The election to the Papal chair of Adrian of Utrecht, who declared himself
favorable to some reform in the Church, was calculated to support Luther’s
cause, although Adrian was hostile to that reformer and his doctrines; and
under all these circumstances no great result could be anticipated from the
ban. Luther’s success was, indeed, more endangered by the indiscreet zeal of
his followers than by the hostility of his adversaries. In his retreat at the
Wartburg, which he called his “Patmos”, he spent ten months under the name of
Junker, or Squire, George.
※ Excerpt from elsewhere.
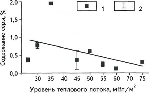Рис. 2. ИЗМЕНЕНИЕ СОДЕРЖАНИЯ СЕРЫ В НЕФТЯХ В ЗАВИСИМОСТИ ОТ УРОВНЯ ТЕПЛОВОГО ПОТОКА

His solitude, however, was not passed in idleness.
Besides writing several tracts, he applied himself assiduously to the study of
Greek and Hebrew, and translated the New Testament into German : till at length
some disturbances at Wittenberg determined him, at whatever risk, to return to
that town.
In spite of the
length to which he had carried his speculative opinions, Luther had as yet made
no alterations in the forms and observances of religion, when, towards the end
of 1521, the Augustinian friars of Meissen and Thuringia formally abolished the
saying of Mass, and dissolved their convents; a proceeding which alarmed a
great part of the clergy, and created much anxiety at the Court of Elector
Frederick. Carlstadt, who officiated at Wittenberg, during Luther’s absence, pushed
these innovations still further, and Melanchthon had not courage to oppose him.
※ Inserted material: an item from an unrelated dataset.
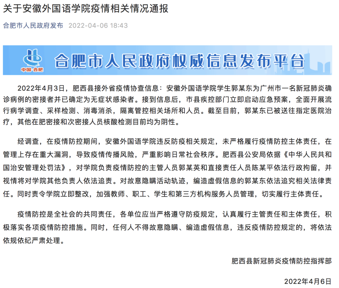 其中称,经调查,在疫情防控期间,安徽外国语学院违反防疫相关规定,未严格履行疫情防控主体责任,在管理上存在重大漏洞,导致疫情传播风险,严重影响日常社会秩序。

Dislike of celibacy was one of the chief causes which favored the advance of
the Reformation among German ecclesiastics. Two priests of the Wittenberg
school, Jacob Seidler, of Glashütten, and Bartholomew Bernhardi, of Kempen, had
this year set the German clergy the first example of marriage. Seidler, who
lived in the dominions of Duke George of Saxony, was thrown into prison, where
he died; while of Bernhardi, who was under the rule
of Elector Frederick, no notice was taken. Although the lawfulness of a
priest’s marriage was a question that had only just begun to be mooted, and
though Luther himself had not made up his mind on the subject, Carlstadt, after
publishing a treatise against celibacy, took a wife, and invited all the Saxon
princes and gentry to be present at his wedding. Wishing to distinguish himself
as a reformer, he incited the students to break down the altars and images in
the churches, began to administer the sacrament in both kinds, to abolish the
elevation of the Host, to admit communicants without confession, and to make
other innovations. He repaired to the stalls of cobblers for instruction in
Scripture, denounced all profane learning, and recommended the students to
betake themselves to manual labor, so that the University began to break up. In
short, he had joined a band of fanatics, founded by one Klaus Storch, a
clothier of Zwickau, who made their appearance at this time in Wittenberg.
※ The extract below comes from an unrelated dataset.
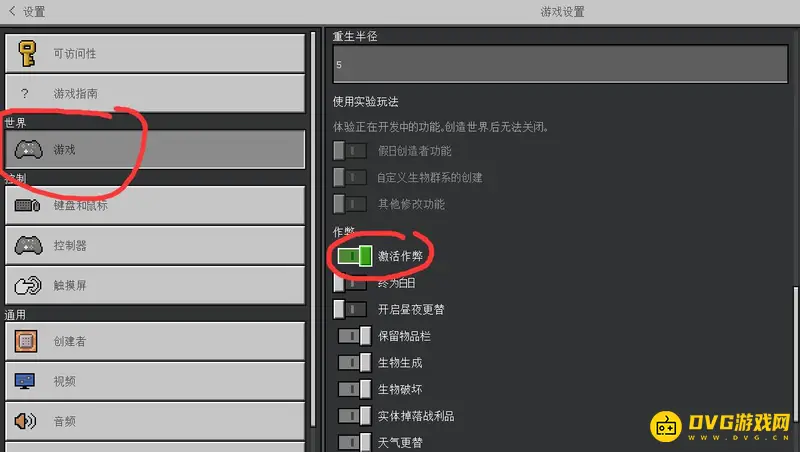 2,接着点击左侧的游戏,把右侧的激活作弊给打开就可以开启作弊模式了。

Another leader of Storch’s band was Thomas Münzer, of
whom we shall hear again. These men, who pretended to supernatural visions and
revelations, and insisted specially on the necessity of adult baptism, obtained
the name of the Zwickau prophets. From them sprang the sect of Anabaptists.
These outbreaks of
fanaticism, the unavoidable accompaniments of the Reformation, have been made
one of its standing reproaches; but in all great revolutions are to be found
men whose enthusiasm, when once released from the fetters of authority, can no
longer be controlled. Luther, who was distinguished by the cautiousness with
which he adopted his conclusions, as much as by the uncompromising boldness
with which, when once formed, he carried them out, viewed these excesses with
alarm, as likely to alienate the minds of the wise and prudent from his cause;
and he resolved to put a stop to them, by returning immediately to Wittenberg.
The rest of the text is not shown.